If there is no special method for including relative entities (ID properties) one can use .addIdProperty("key","value").

 PersonEntity alice = new PersonEntity.PersonEntityBuilder()
        .setId("#alice")
        .addProperty("name", "Alice")
        .addProperty("description", "One of hopefully many Contextual Entities")
        .build();
    PlaceEntity park = new PlaceEntity.PlaceEntityBuilder()
        .addContent(URI.create("http://sws.geonames.org/8152662/"))
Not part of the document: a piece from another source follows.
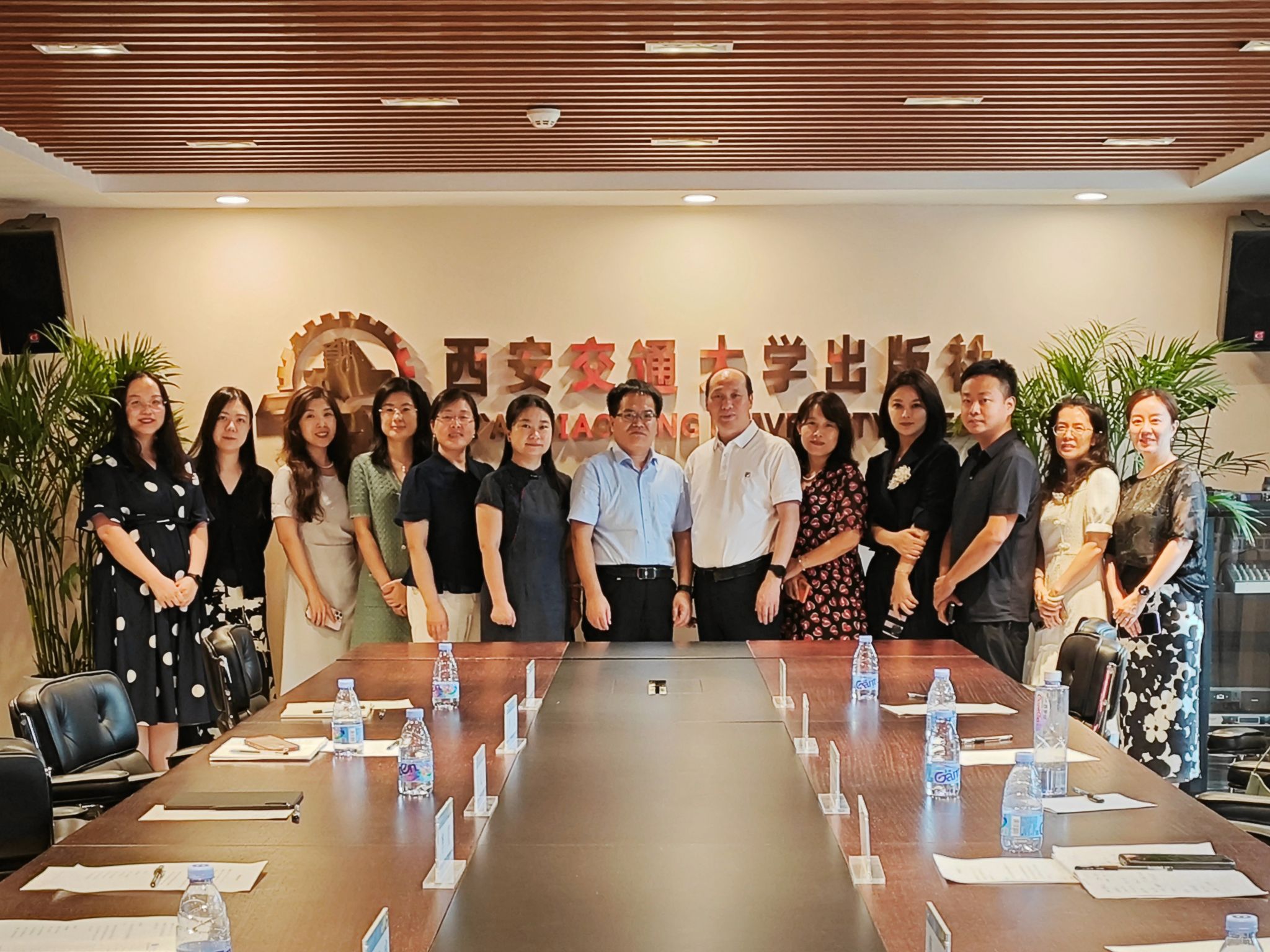 7月24日,为进一步推动翻译硕士和应用心理学两个硕士学位授予点的申硕工作,巩固申硕成果,助力学科专业建设,外国语学院院长韩红建、师范学院院长曹莹率申硕团队相关成员赴西安交通大学出版社调研交流。西安交通大学出版社社长李重、副总编辑秦茂盛、西安九游老哥J9俱乐部官网学院外国语学院科研副院长邹维、师范学院教学副院长李晶、西安交通大学出版社人文分社主任王斌会及编辑部成员参加本次调研。

        .addProperty("name", "Catalina Park")
        .build();

    RoCrate crate = new RoCrate.RoCrateBuilder("Example RO-Crate", "The RO-Crate Root Data Entity", "2020", "https://spdx.org/licenses/CC-BY-NC-SA-4.0")
        .addContextualEntity(park)
        .addContextualEntity(alice)
        .addDataEntity(
            new FileEntity.FileEntityBuilder()
                .addContent(Paths.get("......."), "data2.txt")
                .build()
        )
        .addDataEntity(
            new FileEntity.FileEntityBuilder()
                .addContent(Paths.get("......."), "data1.txt")
                .addProperty("description", "One of hopefully many Data Entities")
                .addAuthor(alice.getId())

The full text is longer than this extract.